## What to work on
This exercise calls for the records to be returned exactly, with images removed.
━━━ Supplied records
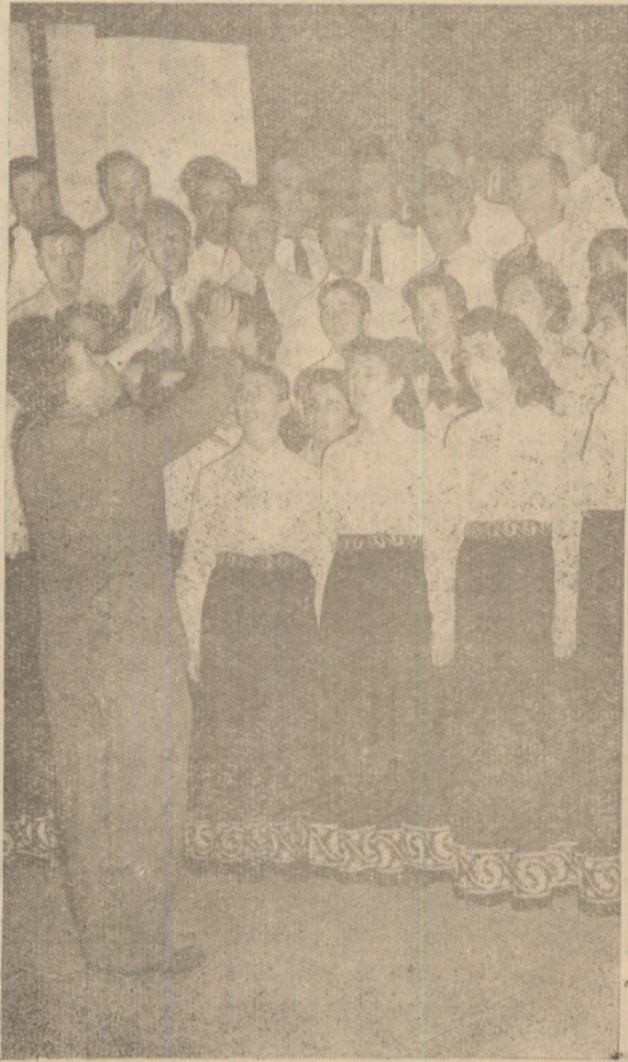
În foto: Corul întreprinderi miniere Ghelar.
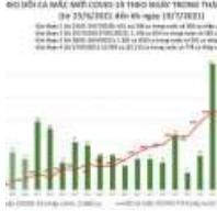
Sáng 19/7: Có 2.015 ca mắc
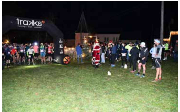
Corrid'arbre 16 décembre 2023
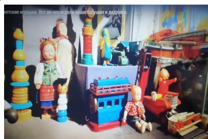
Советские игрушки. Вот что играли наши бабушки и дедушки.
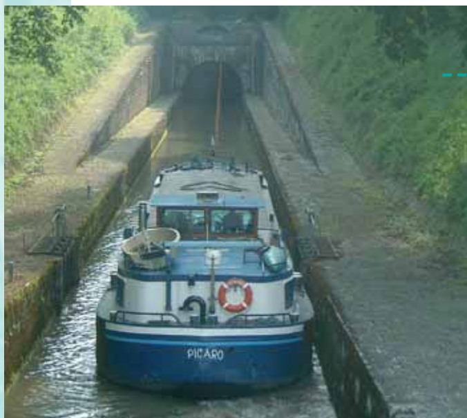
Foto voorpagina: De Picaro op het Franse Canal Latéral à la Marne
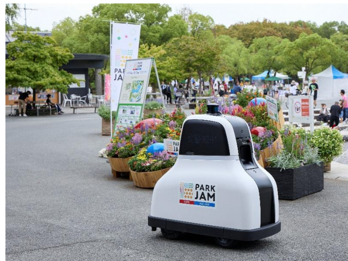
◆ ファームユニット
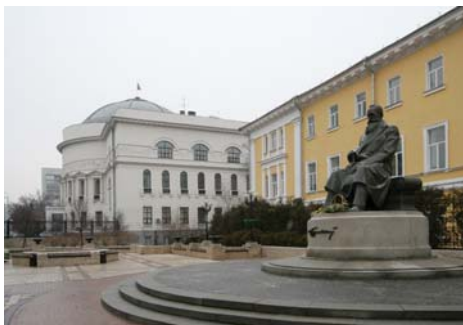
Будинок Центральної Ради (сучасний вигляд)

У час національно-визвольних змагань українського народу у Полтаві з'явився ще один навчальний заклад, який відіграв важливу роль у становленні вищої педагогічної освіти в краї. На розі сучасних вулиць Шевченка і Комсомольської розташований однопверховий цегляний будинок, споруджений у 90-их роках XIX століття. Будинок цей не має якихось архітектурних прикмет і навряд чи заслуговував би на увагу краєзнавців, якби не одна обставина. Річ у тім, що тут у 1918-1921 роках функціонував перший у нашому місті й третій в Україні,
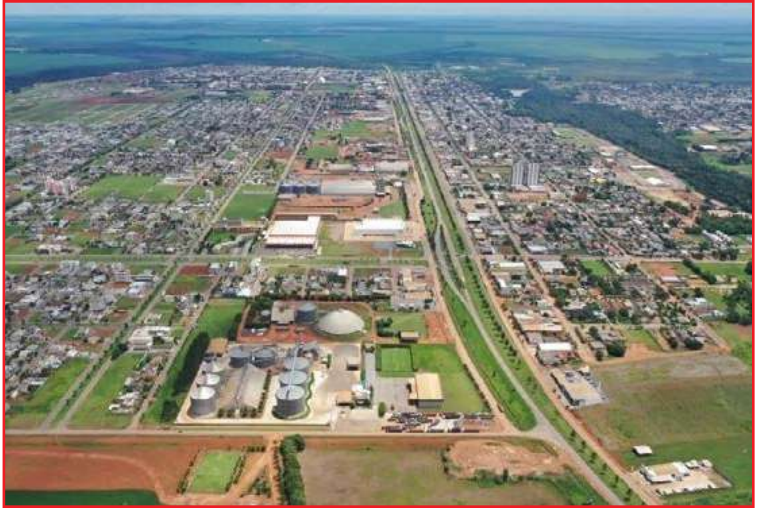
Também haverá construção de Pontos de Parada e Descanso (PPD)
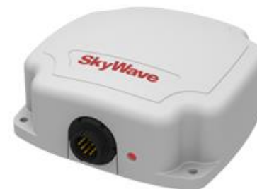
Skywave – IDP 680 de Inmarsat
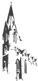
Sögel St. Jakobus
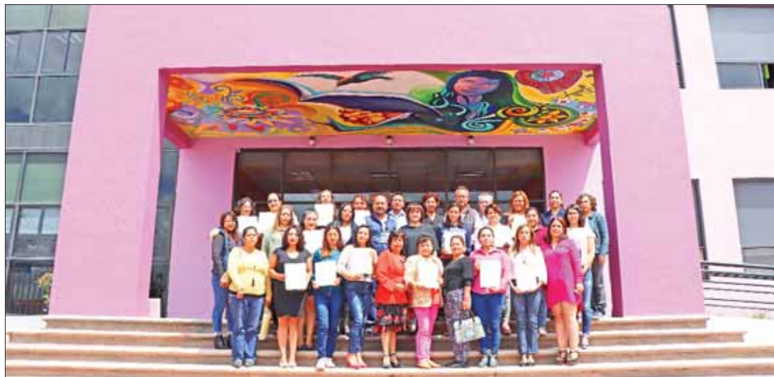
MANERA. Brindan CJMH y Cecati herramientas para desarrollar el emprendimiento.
━━━━━━
## Response for this exercise
În foto: Corul întreprinderi miniere Ghelar.
Sáng 19/7: Có 2.015 ca mắc
Corrid'arbre 16 décembre 2023
Советские игрушки. Вот что играли наши бабушки и дедушки.
Foto voorpagina: De Picaro op het Franse Canal Latéral à la Marne
◆ ファームユニット
Будинок Центральної Ради (сучасний вигляд)

У час національно-визвольних змагань українського народу у Полтаві з'явився ще один навчальний заклад, який відіграв важливу роль у становленні вищої педагогічної освіти в краї. На розі сучасних вулиць Шевченка і Комсомольської розташований однопверховий цегляний будинок, споруджений у 90-их роках XIX століття. Будинок цей не має якихось архітектурних прикмет і навряд чи заслуговував би на увагу краєзнавців, якби не одна обставина. Річ у тім, що тут у 1918-1921 роках функціонував перший у нашому місті й третій в Україні,
Também haverá construção de Pontos de Parada e Descanso (PPD)
Skywave – IDP 680 de Inmarsat
Sögel St. Jakobus
MANERA. Brindan CJMH y Cecati herramientas para desarrollar el emprendimiento.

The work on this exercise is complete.